===== Provided data
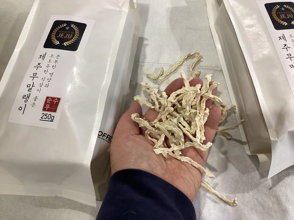 It is a product made by drying winter radish from 100% clean Jeju. It is rich in various nutrients and has a taste and texture that is different from ordinary radish.
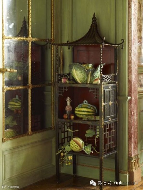 chinoiserie,是法文单词,意为“中国的”,这个词汇在18世纪中期被吸纳到英语中,指当时非常流行的一种装饰艺术风格“中国风”。
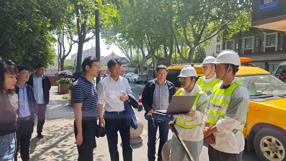 4月25日上午,江蘇省城市生命線安全工程建設(shè)推進(jìn)工作領(lǐng)導(dǎo)小組領(lǐng)導(dǎo)在鹽阜路雷達(dá)空洞探測(cè)現(xiàn)場(chǎng),實(shí)地調(diào)研揚(yáng)州市政管網(wǎng)公司雷達(dá)空洞探測(cè)工作開展情況,并給予技術(shù)指導(dǎo)。
==========
:: What this task involves ::
Please repeat everything in the data above except the pictures, exactly as it reads.

:: Response area ::
 It is a product made by drying winter radish from 100% clean Jeju. It is rich in various nutrients and has a taste and texture that is different from ordinary radish.
 chinoiserie,是法文单词,意为“中国的”,这个词汇在18世纪中期被吸纳到英语中,指当时非常流行的一种装饰艺术风格“中国风”。
 4月25日上午,江蘇省城市生命線安全工程建設(shè)推進(jìn)工作領(lǐng)導(dǎo)小組領(lǐng)導(dǎo)在鹽阜路雷達(dá)空洞探測(cè)現(xiàn)場(chǎng),實(shí)地調(diào)研揚(yáng)州市政管網(wǎng)公司雷達(dá)空洞探測(cè)工作開展情況,并給予技術(shù)指導(dǎo)。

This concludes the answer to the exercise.